Published: October 2024

Background: The appropriate duration of treatment with beta-blocker drugs after a myocardial infarction is unknown. Data are needed on the safety and efficacy of the interruption of long-term beta-blocker treatment to reduce side effects and improve quality of life in patients with a history of uncomplicated myocardial infarction.

Methods: In a multicenter, open label, randomized, noninferiority trial conducted at 49 sites in France, we randomly assigned patients with a history of myocardial infarction, in a 1:1 ratio, to interruption or continuation of beta-blocker treatment. All the patients had a left ventricular ejection fraction of at least 40% while receiving long-term beta-blocker treatment and had no history of a cardiovascular event in the previous 6 months. The primary end point was a composite of death, nonfatal myocardial infarction, nonfatal stroke, or hospitalization for cardiovascular reasons at the longest follow-up (minimum, 1 year), according to an analysis of noninferiority (defined as a between-group difference of <3 percentage points for the upper boundary of the two-sided 95% confidence interval). The main secondary end point was the change in quality of life as measured by the European Quality of Life-5 Dimensions questionnaire.

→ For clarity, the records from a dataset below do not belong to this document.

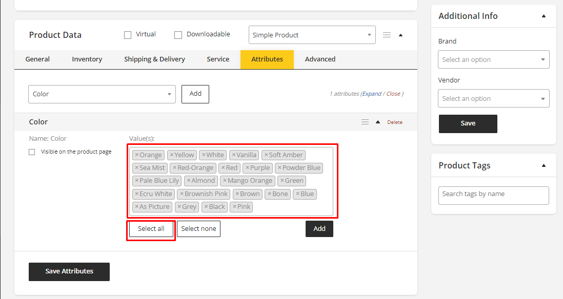 To select value to that attribute click on the value select box or to select all the attributes at once, click on Select all.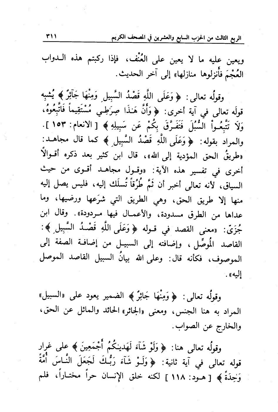 وقوله تعالى: {وَمِنْهَا جَائِرٌ} الضمير يعود على " السبيل " المراد به هنا الجنس، ومعنى " الجائر " الحائد والمائل عن الحق، والخارج عن الصواب.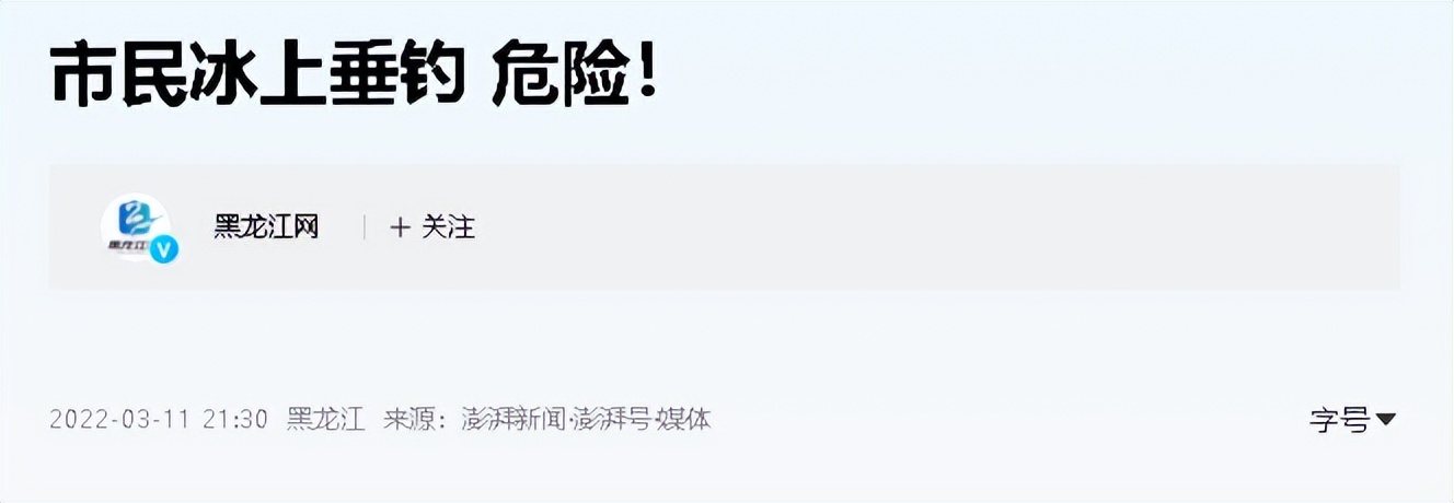 1、原文刊登于黑龙江网2022-03-11发布的关于《市民冰上垂钓 危险!》的报道;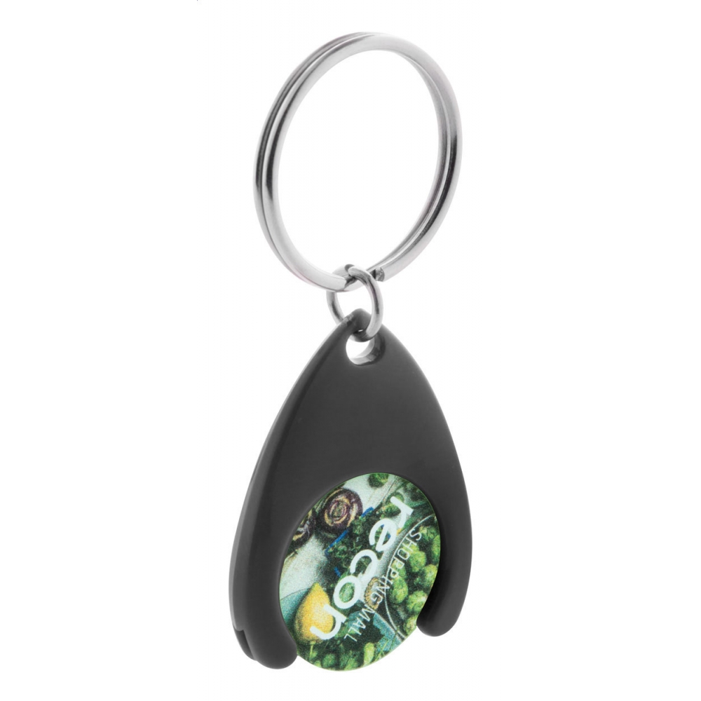 Artikel-Nr: AND800375-10Schlüsselanhänger mit Einkaufswagen-Chip aus Kunststoff mit Metall-Schlüsselring. Chipgröße: ø24×2 mm.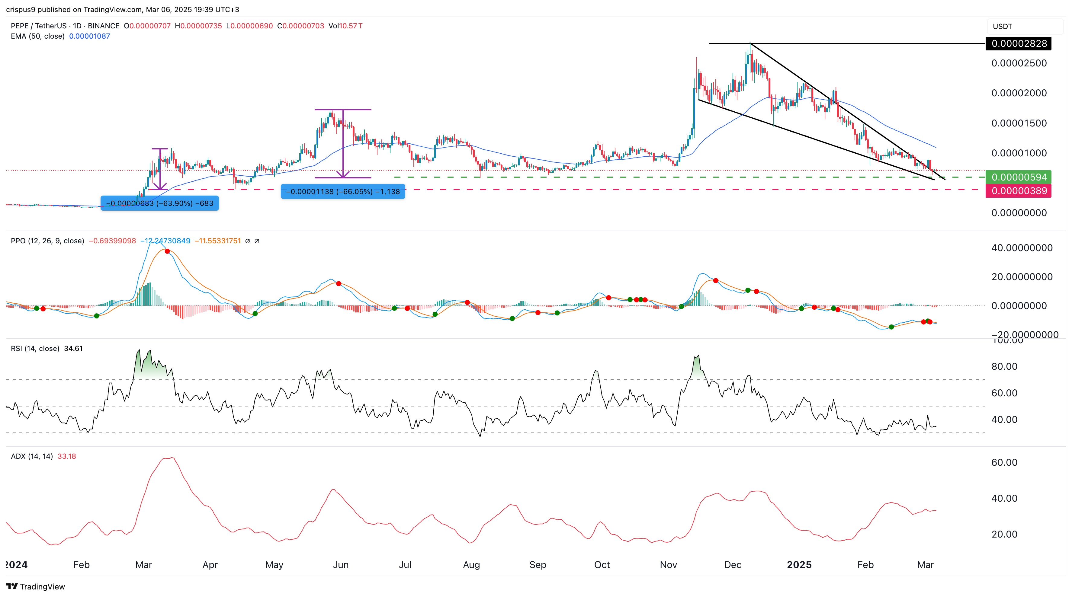 Pepe price remains in a deep bear market after plunging more than 75% from its all-time high of $0.000028.

Results: A total of 3698 patients underwent randomization: 1846 to the interruption group and 1852 to the continuation group. The median time between the last myocardial infarction and randomization was 2.9 years (interquartile range, 1.2 to 6.4), and the median follow-up was 3.0 years (interquartile range, 2.0 to 4.0). A primary-outcome event occurred in 432 of 1812 patients (23.8%) in the interruption group and in 384 of 1821 patients (21.1%) in the continuation group (risk difference, 2.8 percentage points; 95% confidence interval [CI], <0.1 to 5.5), for a hazard ratio of 1.16 (95% CI, 1.01 to 1.33; P = 0.44 for noninferiority). Beta-blocker interruption did not seem to improve the patients' quality of life.

Conclusions: In patients with a history of myocardial infarction, interruption of long-term beta-blocker treatment was not found to be noninferior to a strategy of beta-blocker continuation. (Funded by the French Ministry of Health and ACTION Study Group; ABYSS ClinicalTrials.gov number, NCT03498066; EudraCT number, 2017-003903-23.).